The NP above has two rules with two conditions each, it can be read as:

allow outgoing traffic if: (destination pod has label app=db1 AND port is 1111) OR (destination pod has label app=db2 AND port is 2222)

Wrong example Now let's shortly look at a wrong example:

# WRONG
apiVersion: networking.k8s.io/v1
kind: NetworkPolicy
metadata:
  name: np-backend
  namespace: project-snake
spec:
  podSelector:
    matchLabels:
      app: backend
  policyTypes:
    - Egress
  egress:
    -                           # first rule
      to:                           # first condition "to"
      - podSelector:                    # first "to" possibility
          matchLabels:
            app: db1
      - podSelector:                    # second "to" possibility
          matchLabels:
            app: db2
      ports:                        # second condition "ports"
      - protocol: TCP                   # first "ports" possibility
        port: 1111
      - protocol: TCP                   # second "ports" possibility
        port: 2222

The NP above has one rule with two conditions and two condition-entries each, it can be read as:

allow outgoing traffic if: (destination pod has label app=db1 OR destination pod has label app=db2) AND (destination port is 1111 OR destination port is 2222) Using this NP it would still be possible for backend-* Pods to connect to db2-* Pods on port 1111 for example which should be forbidden.

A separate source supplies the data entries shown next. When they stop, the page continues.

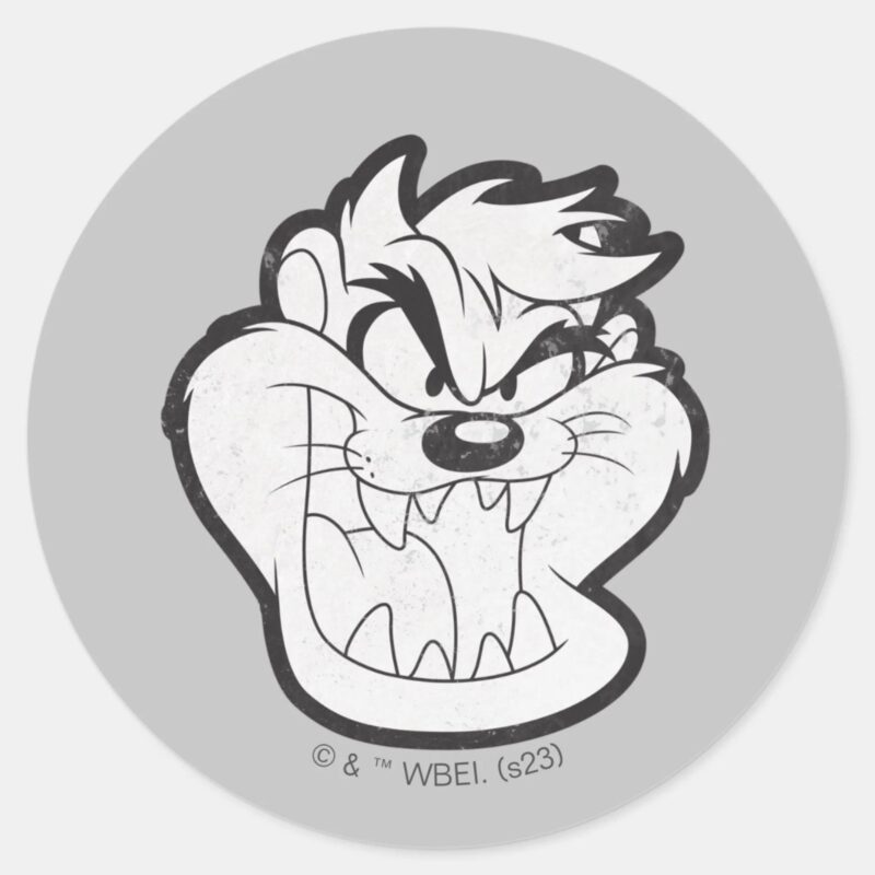 TAZ™ Evil Grin Badge Classic Round Sticker vinyl sticker, waterproof durable collectible sticker for laptop, phone, bottle, bike, notebook, helmet, and accessories.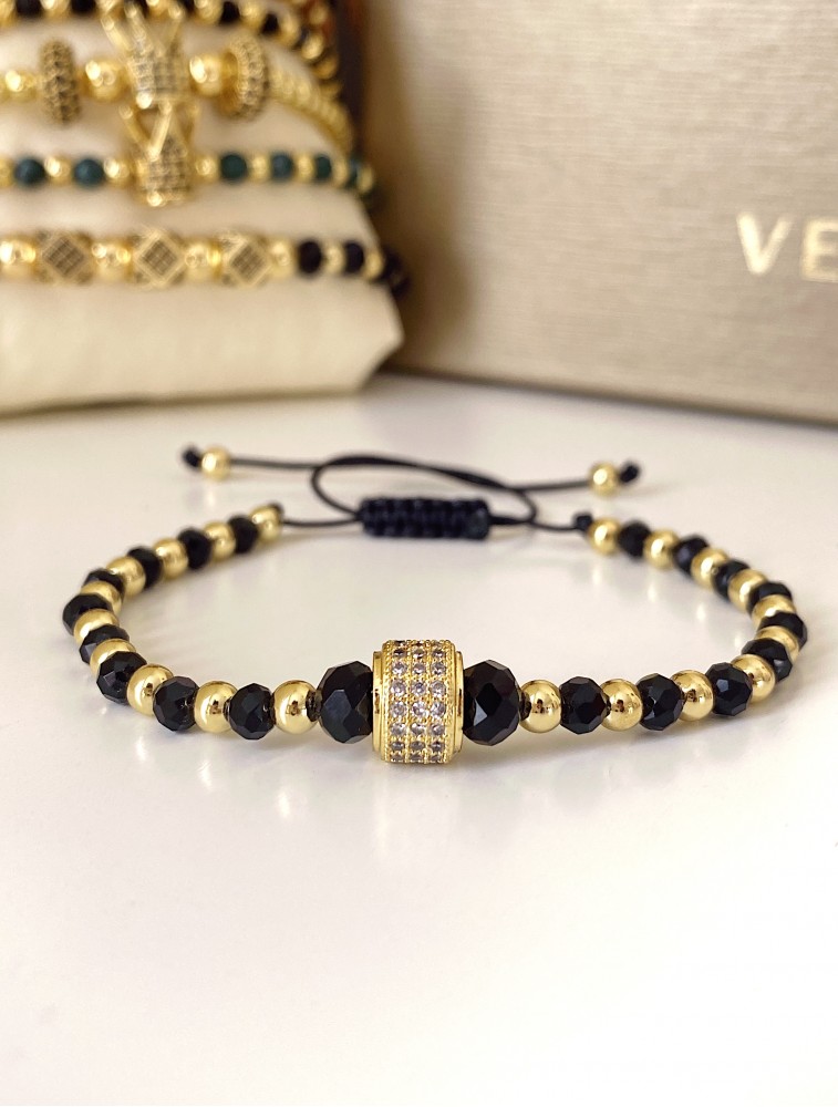 Bratara dama model deosebit cu margele negre si aurii si biluta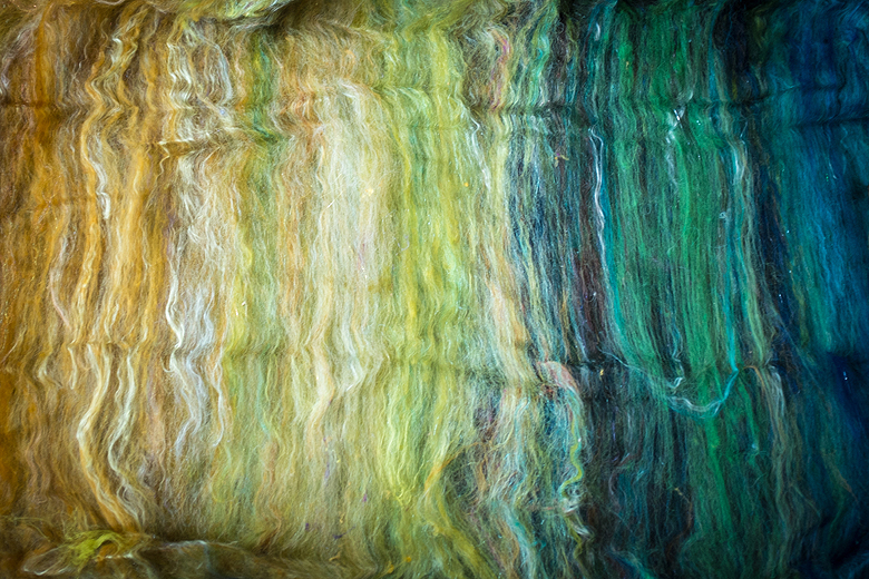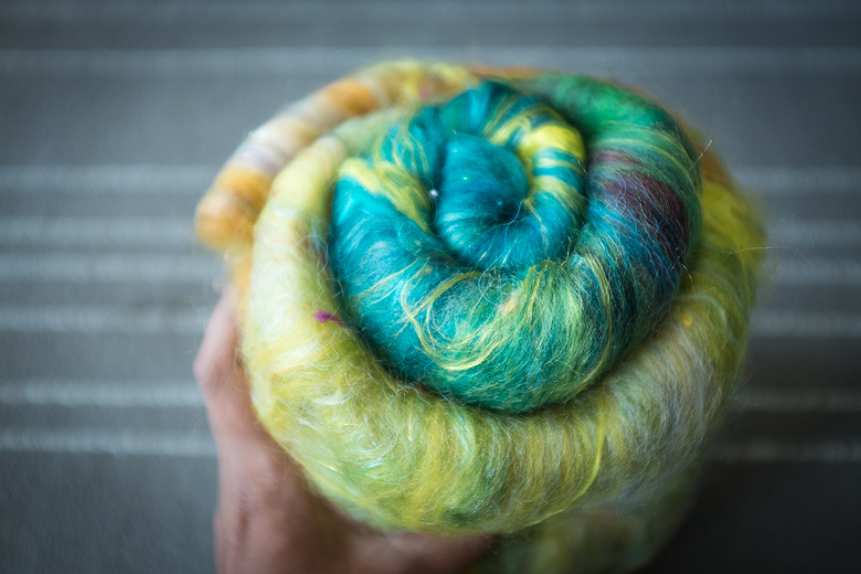 Rayna and I received these batts a few days ago, from my friend, the incredibly talented Mother Macrina! She dyes fiber for her Etsy store, Inglenook Fibers, and her work is unbelievably beautiful. I could print pictures of her unfolded batts and put them on the wall – that’s how pretty they are! Can’t wait to spin one up :)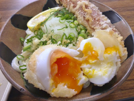 次いで向かったのは、JR高徳線栗林公園北口駅から徒歩10分ほどの「竹清 本店」。予想はしていたものの大行列。普段なら並んでまで食べるのも…と及び腰になるところだが、ここはあえて参加することに意義があると1時間弱ほど待ち、ようやく店内へ。こちらの名物もやはり天ぷらで、うどんに加えてちくわ天と半熟卵天を別途注文。注文を受けてからカラリと揚げる半熟卵天はあつあつさっくりで、半分に割ると黄身はトロトロ。この熱い天ぷらが冷たいうどんとベストマッチ。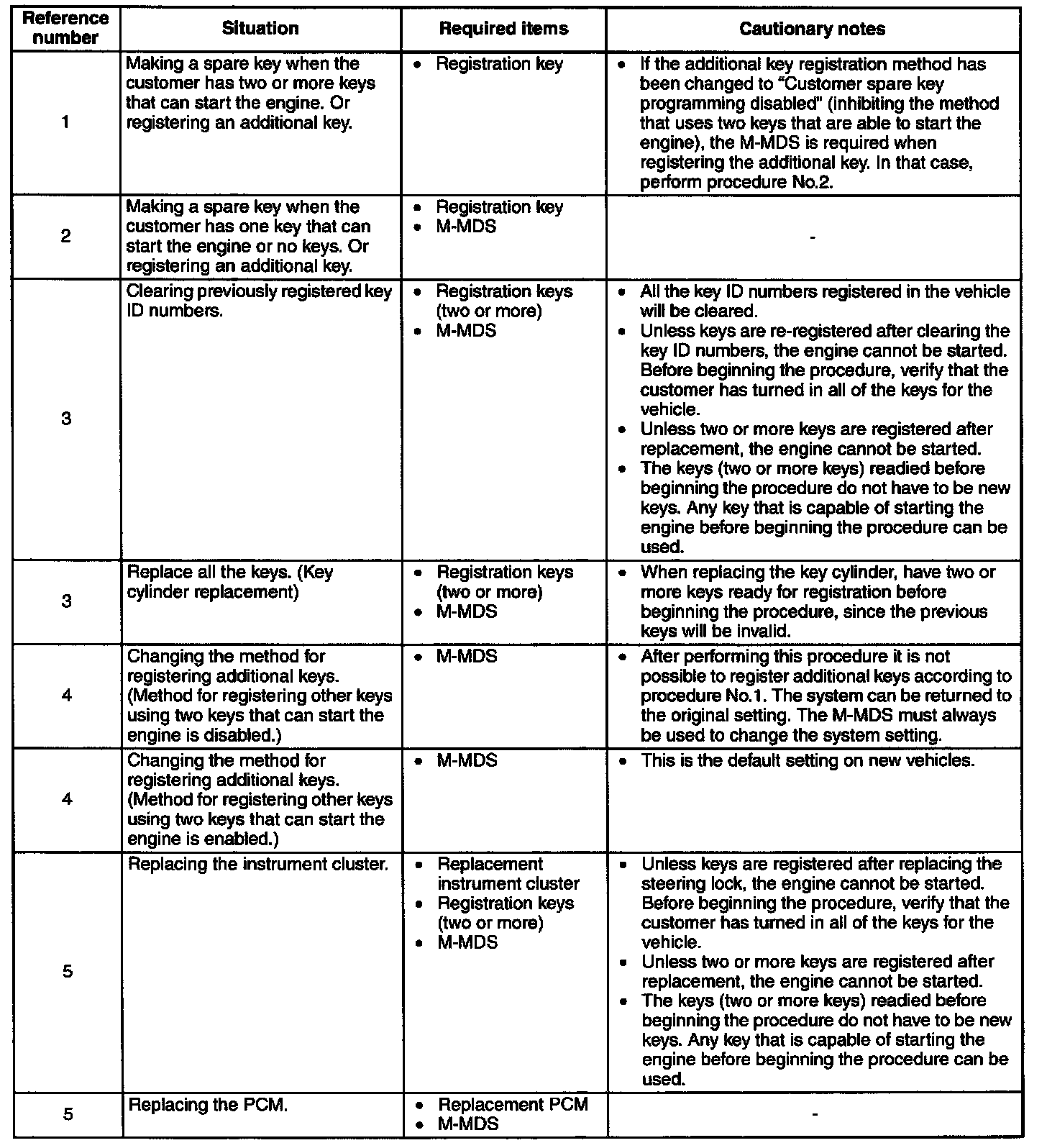 - When performing the following procedures, the immobilizer resetting procedure using the M-MDS must also always be performed: "instrument cluster replacement", "P CM replacement", "instrument cluster and PCM joint replacement", "Key ID number clearing". The engine will not start unless all work is performed using the M-MDS.
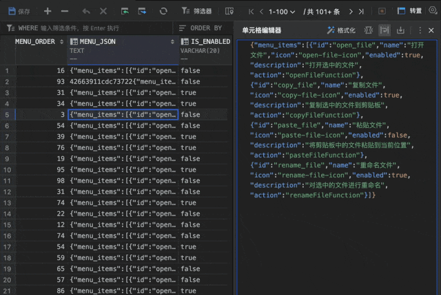 压缩存储:编辑完成后,SQLark 提供数据压缩功能,可一键去除空格、换行符等格式,将数据压缩为单行存储,满足应用程序传输和数据库存储需求。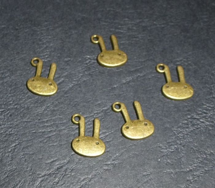 Lot de 5 breloques lapin Lot de 5 breloques pour création de bijoux. En forme de lapin. Taille approximative: 10mm x 13mm. Couleur bronze. Possibilité d'en acheter plus, contactez-moi.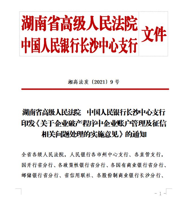 湖南省高级人民法院会同中国人民银行长沙中心支行印发《关于企业破产程序中企业账户管理及征信相关问题处理的实施意见》的通知,提出十二项具体措施,解决破产企业账户管理难问题。
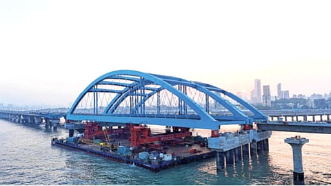 मुंबई : मुंबईची वाहतूककोंडी फोडण्यासाठी महत्त्वपूर्ण ठरणाऱ्या कोस्टल रोड प्रकल्पातील आव्हानात्मक टप्प्यातील अडीच हजार मेट्रिक टन वजनाचा ‘बो स्ट्रिंग आर्च गर्डर’ बुधवारी पहाटे यशस्वीपणे बसवण्यात आला. विशेष म्हणजे, ३ वाजता सुरू झालेले हे काम ६ वाजून ७ मिनिटांनी संपले. याचाच अर्थ, ३ तास ७ मिनिटांत दुसरा गर्डर बसवण्याचे मिशन फत्ते झाले. समुद्रातील भरती व ओहोटीचे चॅलेंज स्वीकारत दुसरा गर्डर यशस्वीपणे बसवण्यात आल्याने अभियांत्रिकी आविष्कार घडला आहे. पहिला बो स्ट्रिंग आर्च गर्डर २६ एप्रिल रोजी बसवण्यात आला, तर दुसरा गर्डर बुधवार १५ मे रोजी बसवण्यात आल्याने पुढील दीड महिन्यांत वांद्रे ते मरीन ड्राईव्ह दरम्यानचा प्रवास फक्त १२ मिनिटांत करणे शक्य होणार असल्याचे पालिका प्रशासनाकडून सांगण्यात आले.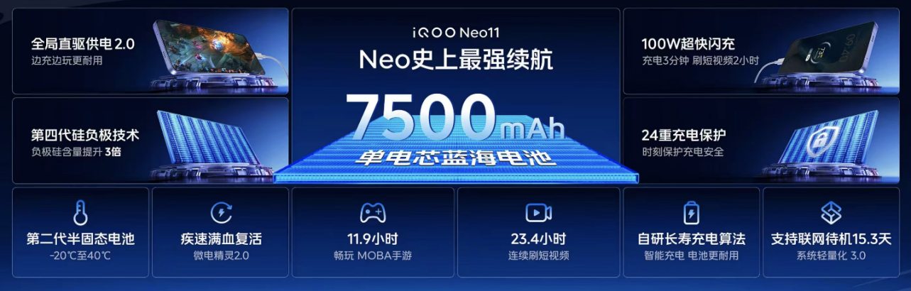 屏幕与续航表现同样旗舰级。Neo11配备6.82英寸2K 144Hz珠峰屏,510 PPI的细腻显示和3200Hz瞬时触控采样率确保指尖响应如闪电。其AR增透膜和圆偏振光护眼技术,结合TV莱茵全局护眼认证,在强光下保持清晰,并缓解眼部疲劳。续航方面,7500mAh超薄蓝海电池采用第四代硅负极技术,容量与厚度平衡;搭配100W超快闪充和全局直驱供电2.0技术,充电高效且边玩边充低温稳定,官方数据显示支持11.9小时连续游戏,彻底告别电量焦虑。这体现了市场供应中,电池技术的突破,满足重度用户需求。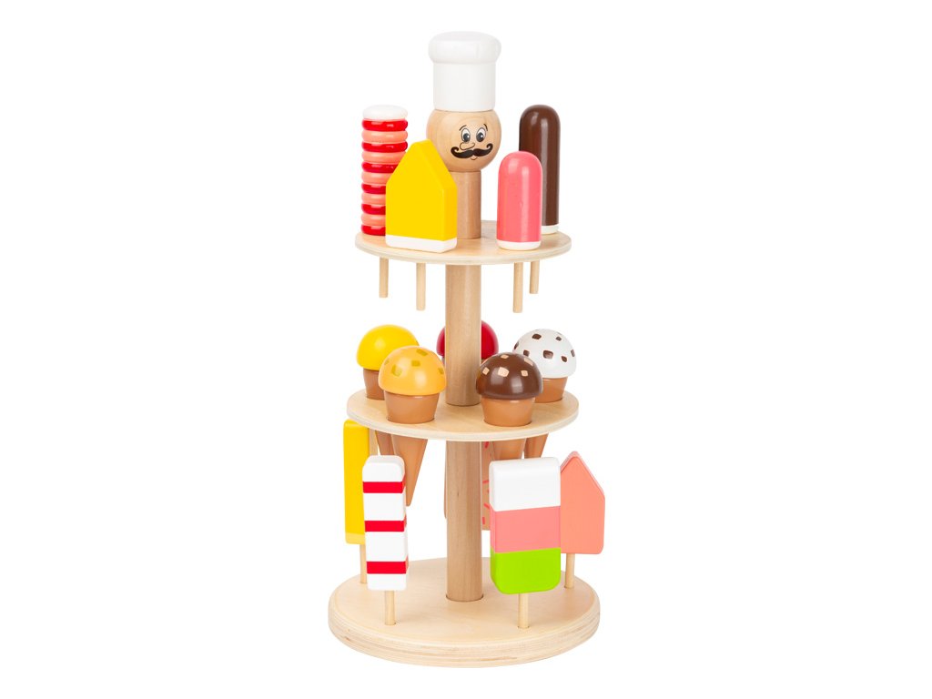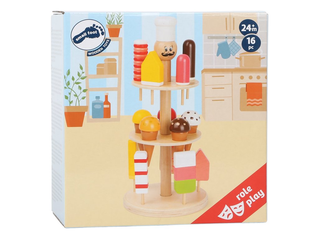 Mňam ... zmrzlina! Tento láskyplně navržený stojan na zmrzlinu z masivního dřeva splňuje všechna zmrzlinová přání. Zde si děti mohou vybrat svou oblíbenou zmrzlinu. Ať už jde o nanuky nebo zmrzlinu ve vaflovém kornoutku - není to snadné rozhodnutí! Různé příchutě zmrzliny lze snadno dát do stojanu na zmrzlinu, což z nich činí skutečný poutač na prodejním pultu v obchodě nebo v dětské kuchyňce či kavárničce. Hlavní vlastnosti: Podporuje sociální dovednosti a jemnou motoriku dětí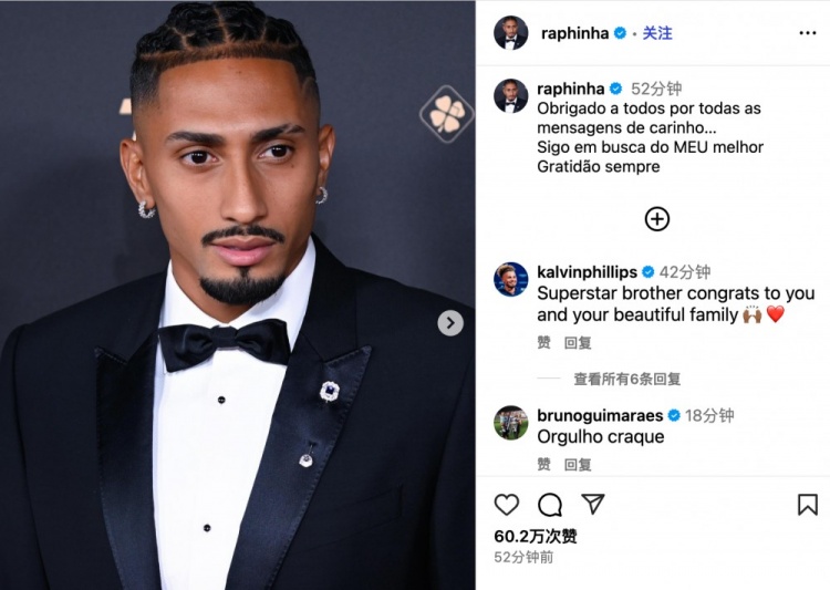 9月24日讯 本周二晚,巴萨翼锋拉菲尼亚在个人INS上发文,英超比赛在线观看无插件谈到了自己在金球奖颁奖典礼后的状况。

Create NetworkPolicy We create the correct NP:

k -f 24_np.yaml create

And test again:

➜ k -n project-snake exec backend-0 -- curl -s 10.44.0.25:1111
database one

➜ k -n project-snake exec backend-0 -- curl -s 10.44.0.23:2222
database two

➜ k -n project-snake exec backend-0 -- curl -s 10.44.0.22:3333
^C

Also helpful to use kubectl describe on the NP to see how k8s has interpreted the policy.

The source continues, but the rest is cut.